▸ TASK TO CARRY OUT
Set down each line of the material that follows exactly, and leave its pictures out.

▸ DATA SHOWN
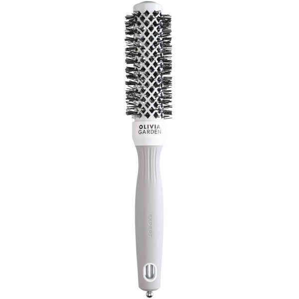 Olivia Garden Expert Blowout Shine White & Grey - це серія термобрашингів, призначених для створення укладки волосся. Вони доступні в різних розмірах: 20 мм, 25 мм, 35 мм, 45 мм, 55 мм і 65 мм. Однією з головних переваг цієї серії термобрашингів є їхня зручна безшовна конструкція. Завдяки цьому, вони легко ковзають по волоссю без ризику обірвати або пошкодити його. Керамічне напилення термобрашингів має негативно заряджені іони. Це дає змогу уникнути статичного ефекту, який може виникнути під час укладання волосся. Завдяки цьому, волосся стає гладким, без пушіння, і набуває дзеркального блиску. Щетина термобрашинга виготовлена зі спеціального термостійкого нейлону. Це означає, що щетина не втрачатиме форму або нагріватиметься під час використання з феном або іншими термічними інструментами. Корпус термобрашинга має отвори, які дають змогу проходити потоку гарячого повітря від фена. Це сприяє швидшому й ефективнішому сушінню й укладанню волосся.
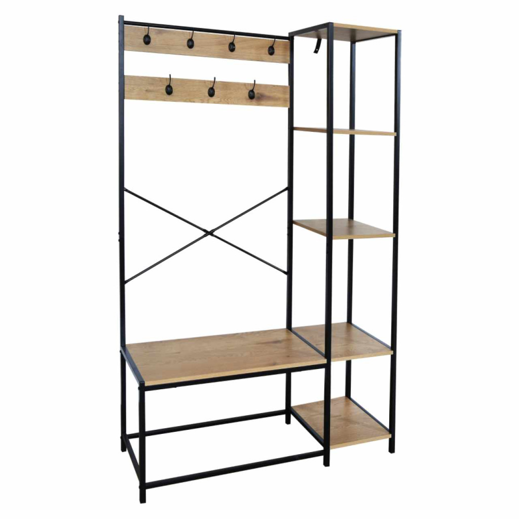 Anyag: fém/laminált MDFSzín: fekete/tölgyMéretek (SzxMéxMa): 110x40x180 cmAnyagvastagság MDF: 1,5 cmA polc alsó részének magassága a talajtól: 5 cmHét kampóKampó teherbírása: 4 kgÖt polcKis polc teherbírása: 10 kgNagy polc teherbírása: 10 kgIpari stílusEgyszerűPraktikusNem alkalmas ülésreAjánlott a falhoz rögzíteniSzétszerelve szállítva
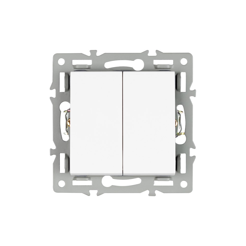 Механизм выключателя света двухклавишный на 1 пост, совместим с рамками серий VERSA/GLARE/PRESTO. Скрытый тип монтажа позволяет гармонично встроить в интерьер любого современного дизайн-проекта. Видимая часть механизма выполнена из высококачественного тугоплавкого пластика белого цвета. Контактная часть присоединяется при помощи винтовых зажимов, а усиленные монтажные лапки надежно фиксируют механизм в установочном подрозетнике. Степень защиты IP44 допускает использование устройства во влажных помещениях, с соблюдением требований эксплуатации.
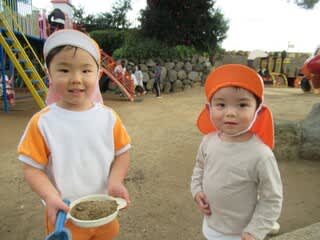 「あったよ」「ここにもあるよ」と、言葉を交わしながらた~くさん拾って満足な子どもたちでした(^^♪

▸ EXPECTED ANSWER
 Olivia Garden Expert Blowout Shine White & Grey - це серія термобрашингів, призначених для створення укладки волосся. Вони доступні в різних розмірах: 20 мм, 25 мм, 35 мм, 45 мм, 55 мм і 65 мм. Однією з головних переваг цієї серії термобрашингів є їхня зручна безшовна конструкція. Завдяки цьому, вони легко ковзають по волоссю без ризику обірвати або пошкодити його. Керамічне напилення термобрашингів має негативно заряджені іони. Це дає змогу уникнути статичного ефекту, який може виникнути під час укладання волосся. Завдяки цьому, волосся стає гладким, без пушіння, і набуває дзеркального блиску. Щетина термобрашинга виготовлена зі спеціального термостійкого нейлону. Це означає, що щетина не втрачатиме форму або нагріватиметься під час використання з феном або іншими термічними інструментами. Корпус термобрашинга має отвори, які дають змогу проходити потоку гарячого повітря від фена. Це сприяє швидшому й ефективнішому сушінню й укладанню волосся.
 Anyag: fém/laminált MDFSzín: fekete/tölgyMéretek (SzxMéxMa): 110x40x180 cmAnyagvastagság MDF: 1,5 cmA polc alsó részének magassága a talajtól: 5 cmHét kampóKampó teherbírása: 4 kgÖt polcKis polc teherbírása: 10 kgNagy polc teherbírása: 10 kgIpari stílusEgyszerűPraktikusNem alkalmas ülésreAjánlott a falhoz rögzíteniSzétszerelve szállítva
 Механизм выключателя света двухклавишный на 1 пост, совместим с рамками серий VERSA/GLARE/PRESTO. Скрытый тип монтажа позволяет гармонично встроить в интерьер любого современного дизайн-проекта. Видимая часть механизма выполнена из высококачественного тугоплавкого пластика белого цвета. Контактная часть присоединяется при помощи винтовых зажимов, а усиленные монтажные лапки надежно фиксируют механизм в установочном подрозетнике. Степень защиты IP44 допускает использование устройства во влажных помещениях, с соблюдением требований эксплуатации.
 「あったよ」「ここにもあるよ」と、言葉を交わしながらた~くさん拾って満足な子どもたちでした(^^♪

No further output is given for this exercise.